* **Activity**:
Each line, starting at the one with "近日,我公司邀請了市紀委常委" and running to the end of the data below, is to be set down again exactly, both ends included; leave pictures out.

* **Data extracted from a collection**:
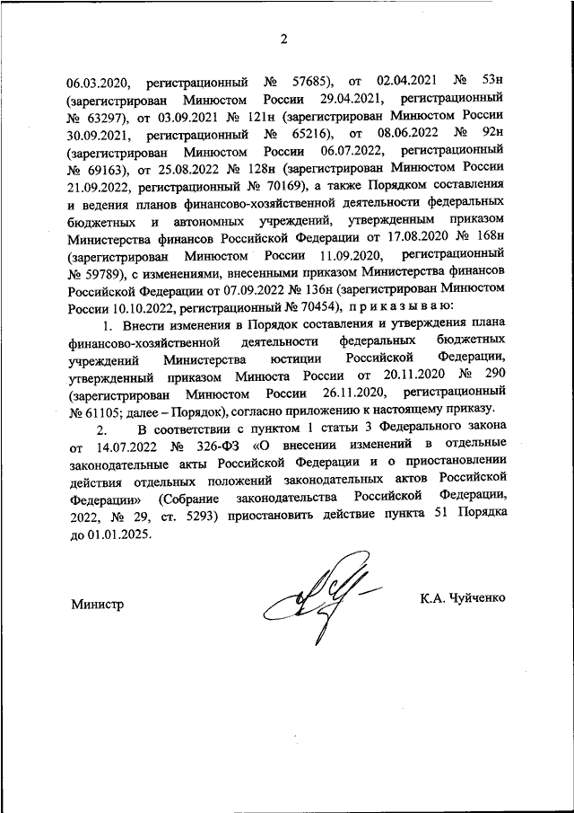 ПРИКАЗОМ МИНЮСТА РОССИИ ОТ 20.11.2020 N 290, И ПРИОСТАНОВЛЕНИИ
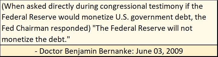 The truth be told, the Federal Reserve is no more truthful with Congress, though I suspect Congress expects to be lied to by officers of the Federal Reserve system, as this whopper of a lie from June 2009, as Bernanke’s QE1 was in progress (see chart above).
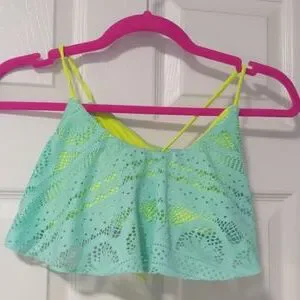 A bundle of swimsuits! 2 two piece sets and a swim top. 1. lemon off the shoulder bikini. The bottoms have a cute waist strap. Only worn a few times, in great condition. No pilling Brand unknown 2. No Boundaries Mint green and neon bikini. Great for summer and features a pretty flowy lace top. Purchased on vacation and only worn once. No pilling. 3. Ambrielle Brand bikini top. can be worn with your own swim bottoms. Cups are padded and molded.
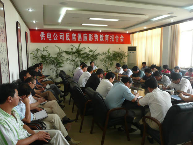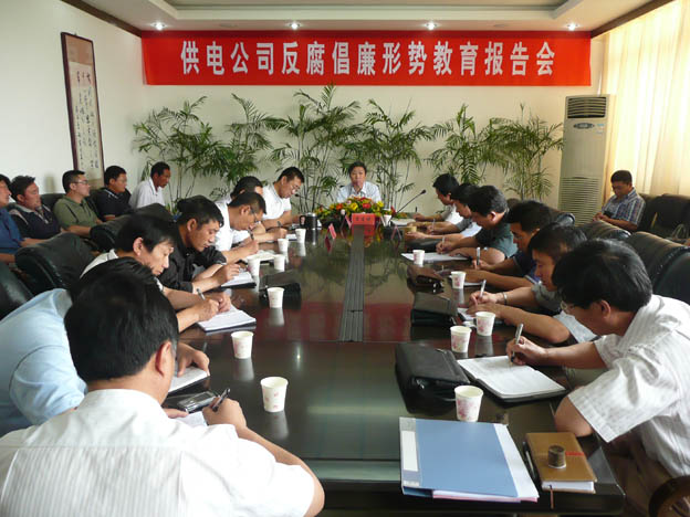 近日,我公司邀請了市紀委常委、市紀委秘書長、市監察局副局長雷生保同志來我公司作反腐倡廉形勢教育報告,公司領導、機關中層干部、各供電所領導班子及部分職工代表參加了會議。
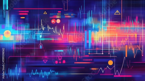 Obraz premium Abstract digital visualization of colorful data streams and graphs...

* **Task response**:
 近日,我公司邀請了市紀委常委、市紀委秘書長、市監察局副局長雷生保同志來我公司作反腐倡廉形勢教育報告,公司領導、機關中層干部、各供電所領導班子及部分職工代表參加了會議。
 Obraz premium Abstract digital visualization of colorful data streams and graphs...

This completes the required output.